- WORK INSTRUCTION:
Extract the stretch of lines that starts at the line with "是次我們測試後,亦會與其他 RTX 30" and ends at the last line of the data below. Give it exactly, without pictures.

- DATASET EXCERPT:
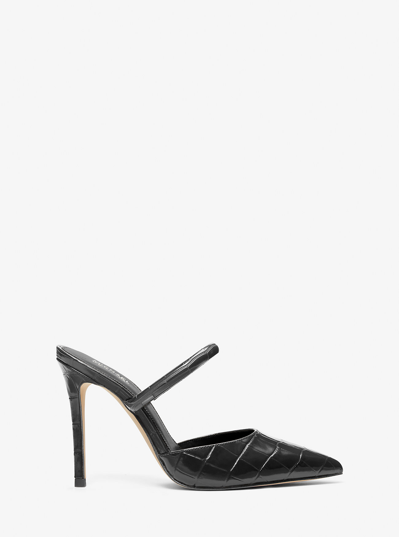 Эти туфли без задника из кожи с тиснением под крокодила имеют заостренный носок и тонкие эластичные ремешки сверху для дополнительной поддержки.
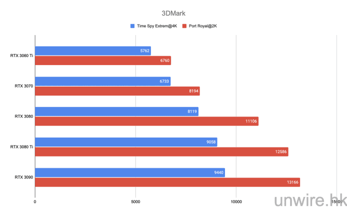 是次我們測試後,亦會與其他 RTX 30 系的顯示卡比較,讓大家有個更加清晰的概念。首先我們會在 3DMark 上分別執行 Time Spy Extreme、Port Royal 以及 DLSS 測試,其中 Time Spy Extreme 執行解像度為 4K,其餘兩個測試以 2K 解像度執行。
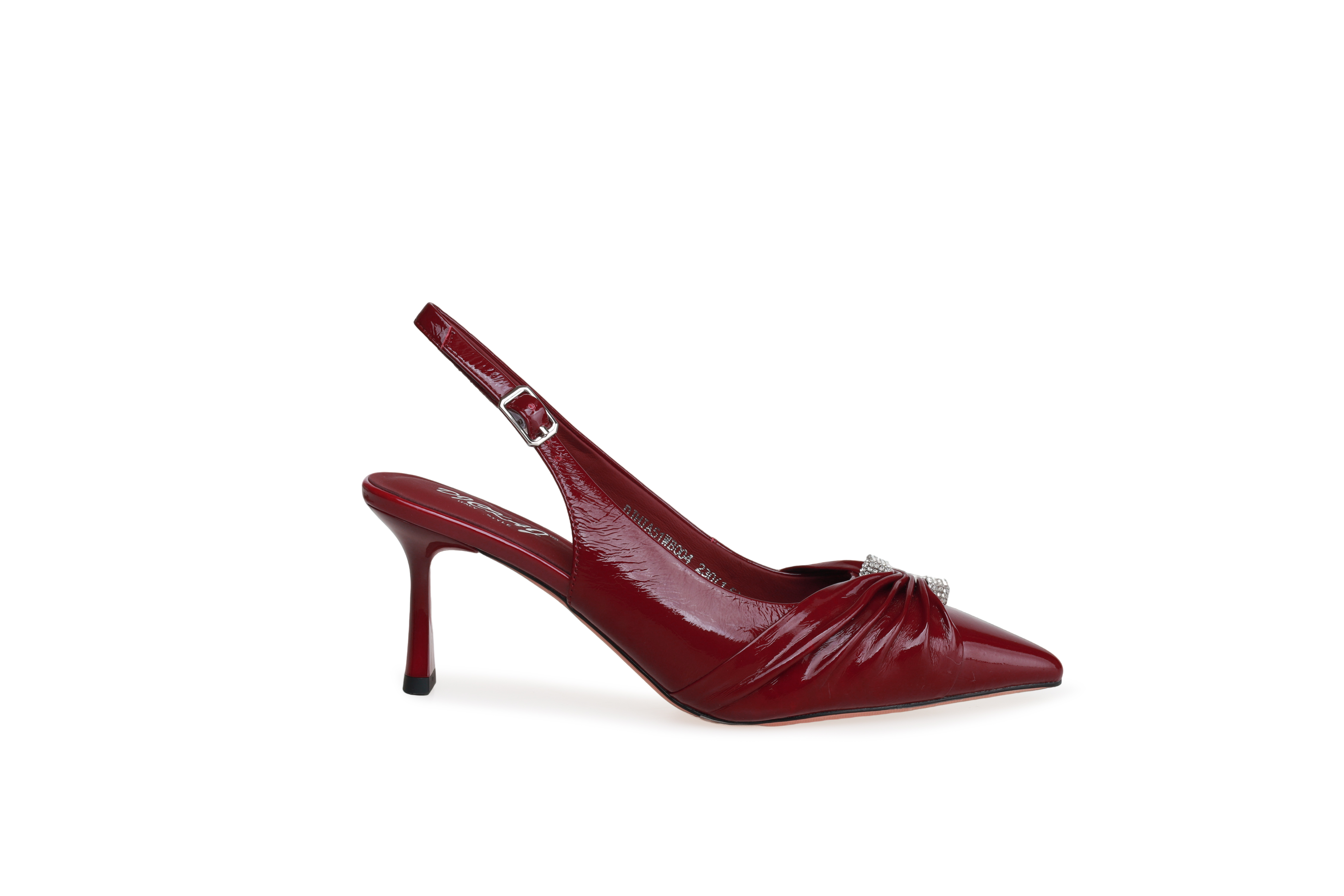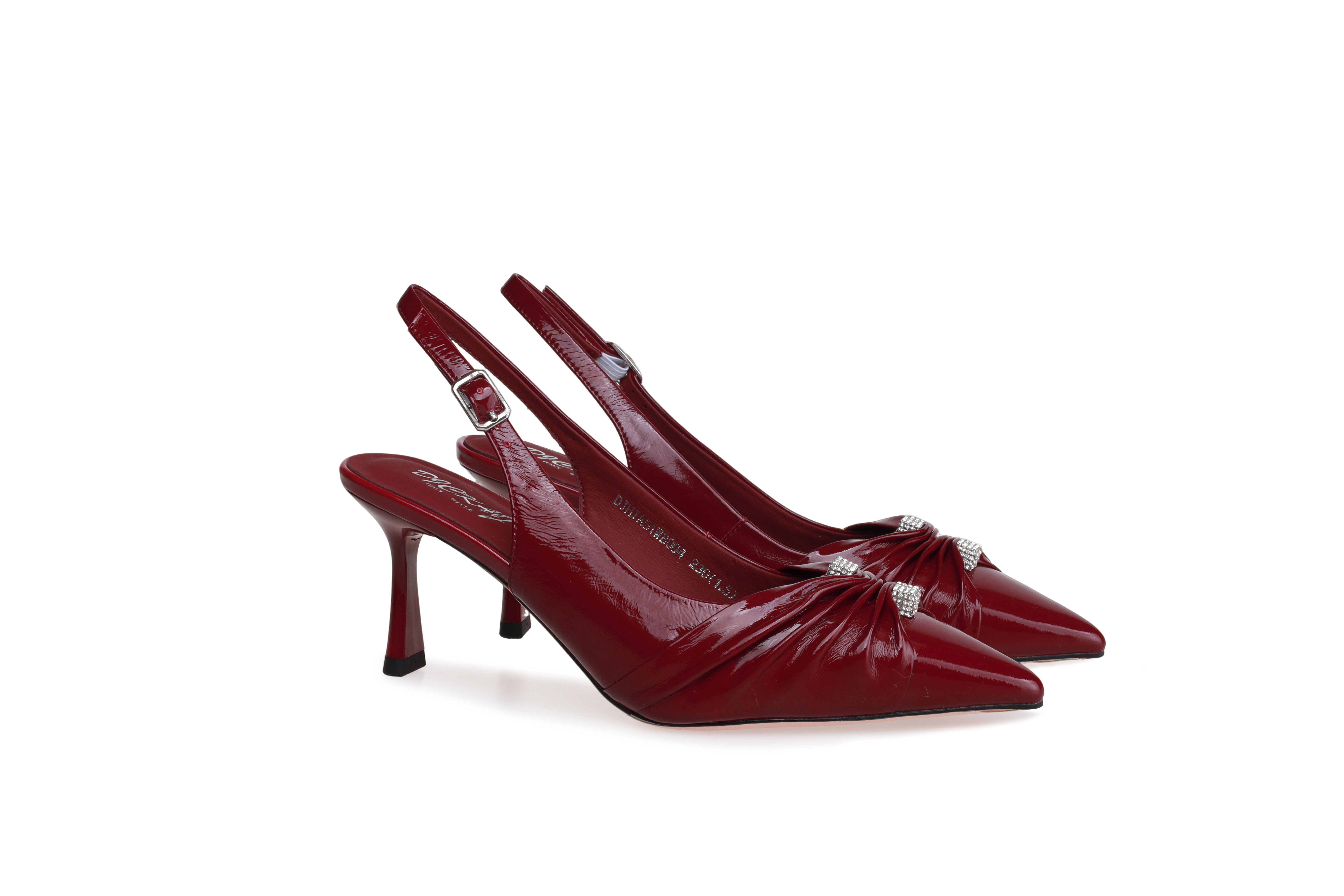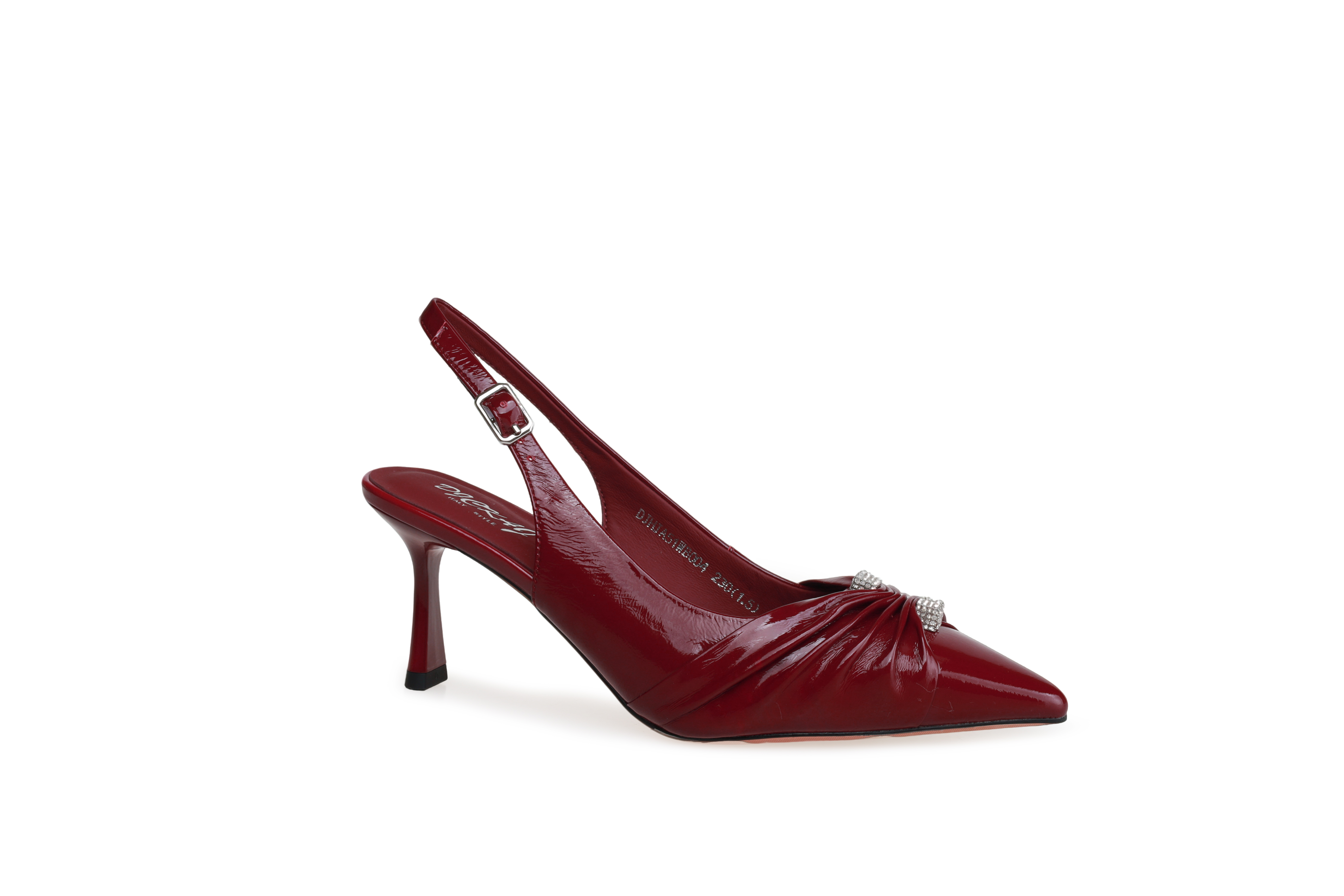 豪麟名鞋奥莱迪嘉女鞋半凉鞋牛移膜革DJHJA51WB004酒红色 原价1660元

- TASK RESPONSE:
 是次我們測試後,亦會與其他 RTX 30 系的顯示卡比較,讓大家有個更加清晰的概念。首先我們會在 3DMark 上分別執行 Time Spy Extreme、Port Royal 以及 DLSS 測試,其中 Time Spy Extreme 執行解像度為 4K,其餘兩個測試以 2K 解像度執行。
 豪麟名鞋奥莱迪嘉女鞋半凉鞋牛移膜革DJHJA51WB004酒红色 原价1660元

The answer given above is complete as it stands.